*** MATERIAL FOR THE TASK ***

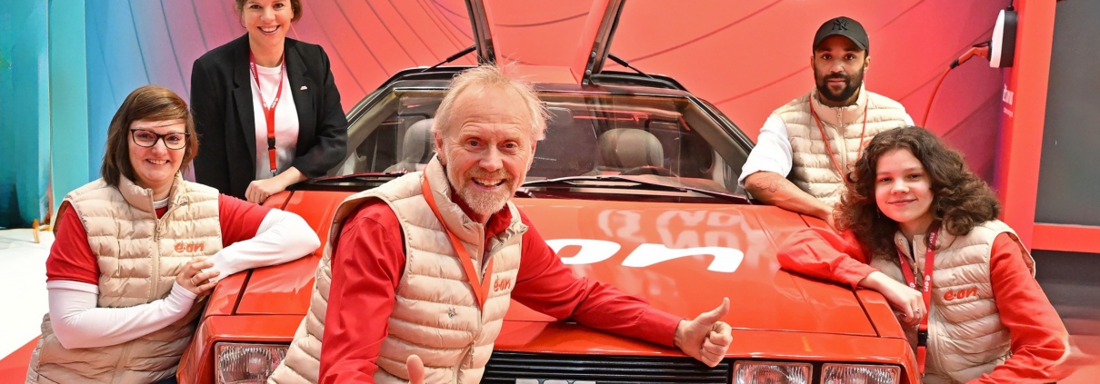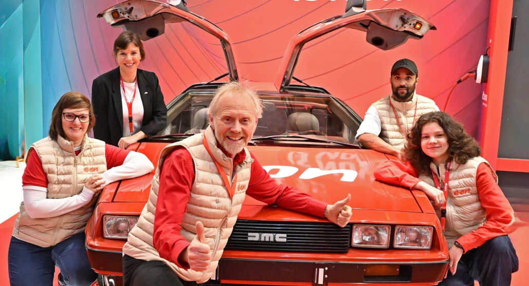 Übrigens: Dieser DeLorean war natürlich passend zu e.on die Elektro-Version. Außen ikonisch im Stil der 80er Jahre und unter der Haube hypermodern, beschleunigt er unter vier Sekunden auf 100 km/h. Man kann ihn so auch am Markt kaufen. Der Preis? Sechsstellig mit einer Zwei vorne.
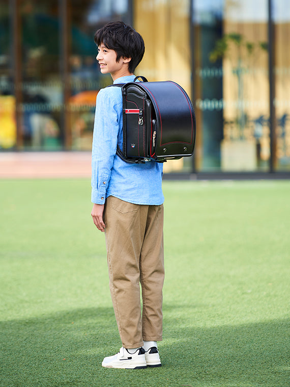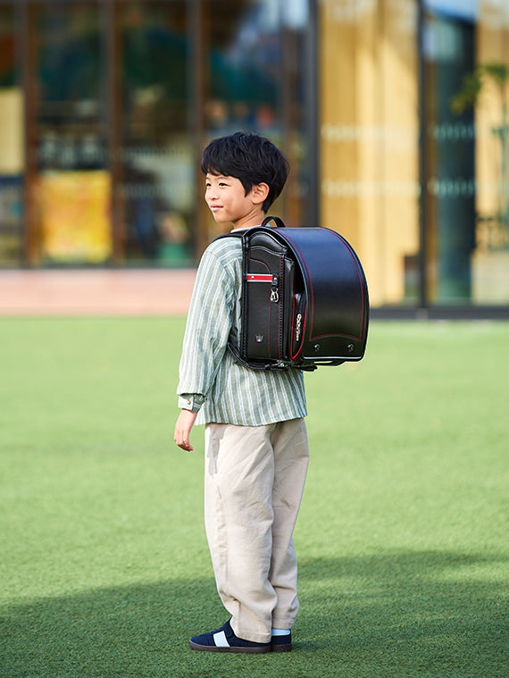 外でランドセルを背負ったときのイメージをご覧いただけます。
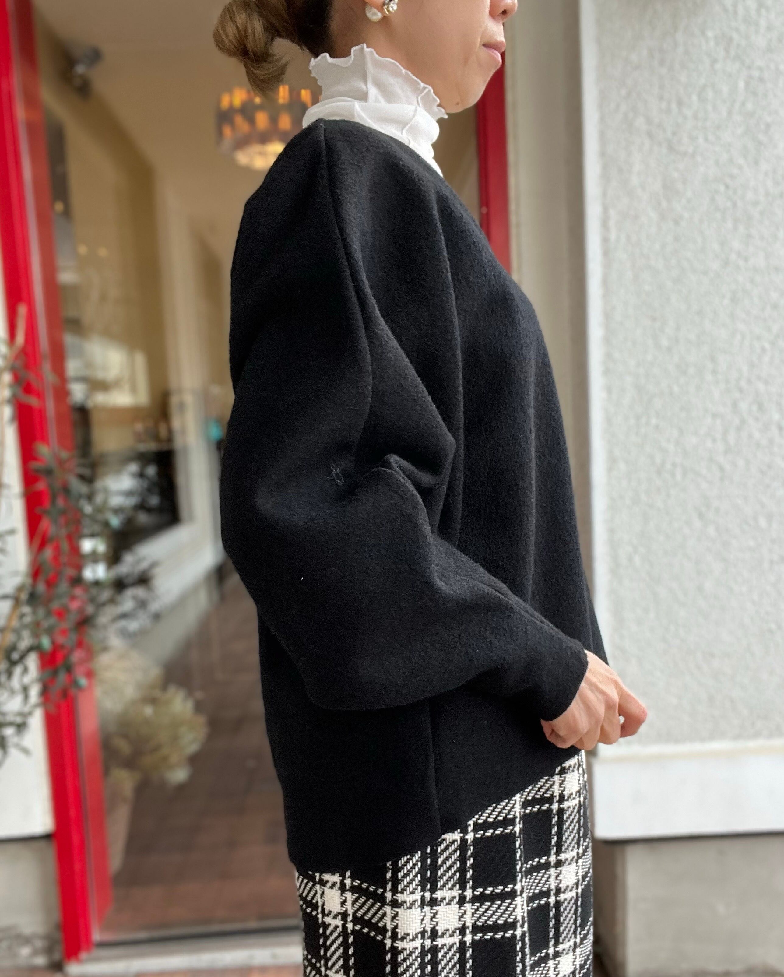 ドルマンスリーブのゆったりとした着心地でありながら、袖口はタイトに仕上げているので、メリハリのある女性らしいシルエットになります
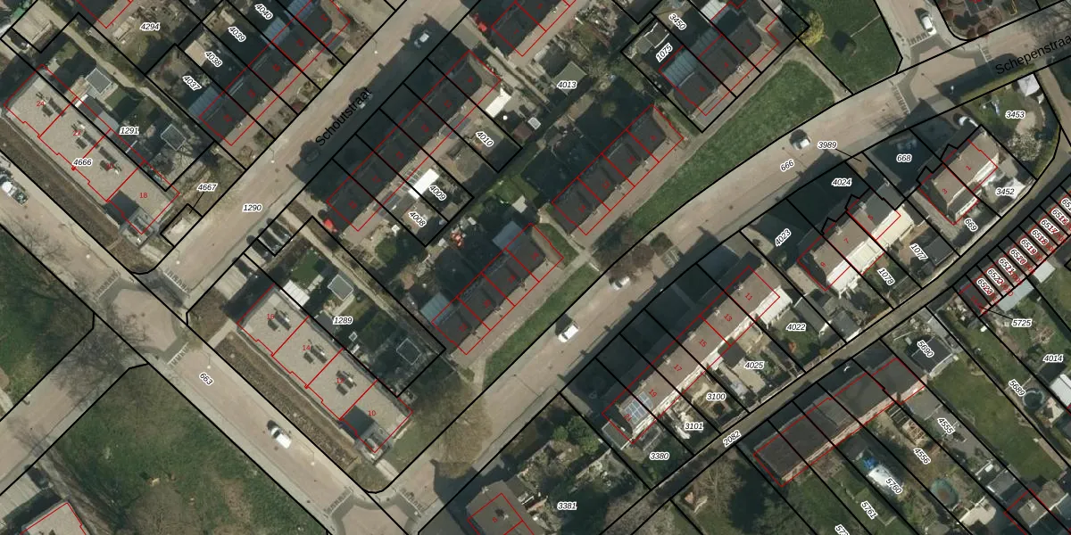 Het perceel waarop Schepenstraat 16 staat heeft een oppervlakte van 4308 m². Dit is een zeer groot perceel. De perceeloppervlakte wordt geregistreerd door het Kadaster. Gedetailleerde informatie over de maten van dit perceel kunt u vinden in het rapport Kadastrale kaart met maatvoering van Schepenstraat 16.
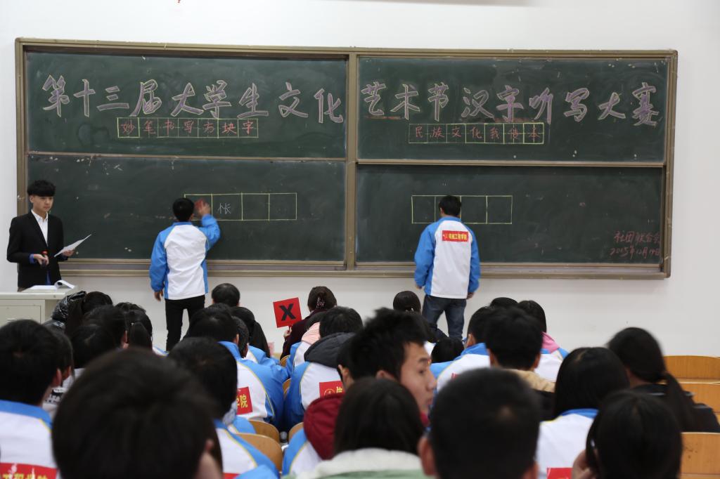 聆听华夏之声,书写汉字之美。12月14日下午四点半,我院第13届大学生文化艺术节汉字听写大赛隆重举行,来自基础部的语文老师刘刚、赵瑛及黄瑛瑛担任本次大赛的裁判,来自十个二级学院代表队共50名选手参加了比赛。

***

Would you repeat the entries exactly, but with no pictures?

*RESULT OF THIS TASK*.
 Übrigens: Dieser DeLorean war natürlich passend zu e.on die Elektro-Version. Außen ikonisch im Stil der 80er Jahre und unter der Haube hypermodern, beschleunigt er unter vier Sekunden auf 100 km/h. Man kann ihn so auch am Markt kaufen. Der Preis? Sechsstellig mit einer Zwei vorne.
 外でランドセルを背負ったときのイメージをご覧いただけます。
 ドルマンスリーブのゆったりとした着心地でありながら、袖口はタイトに仕上げているので、メリハリのある女性らしいシルエットになります
 Het perceel waarop Schepenstraat 16 staat heeft een oppervlakte van 4308 m². Dit is een zeer groot perceel. De perceeloppervlakte wordt geregistreerd door het Kadaster. Gedetailleerde informatie over de maten van dit perceel kunt u vinden in het rapport Kadastrale kaart met maatvoering van Schepenstraat 16.
 聆听华夏之声,书写汉字之美。12月14日下午四点半,我院第13届大学生文化艺术节汉字听写大赛隆重举行,来自基础部的语文老师刘刚、赵瑛及黄瑛瑛担任本次大赛的裁判,来自十个二级学院代表队共50名选手参加了比赛。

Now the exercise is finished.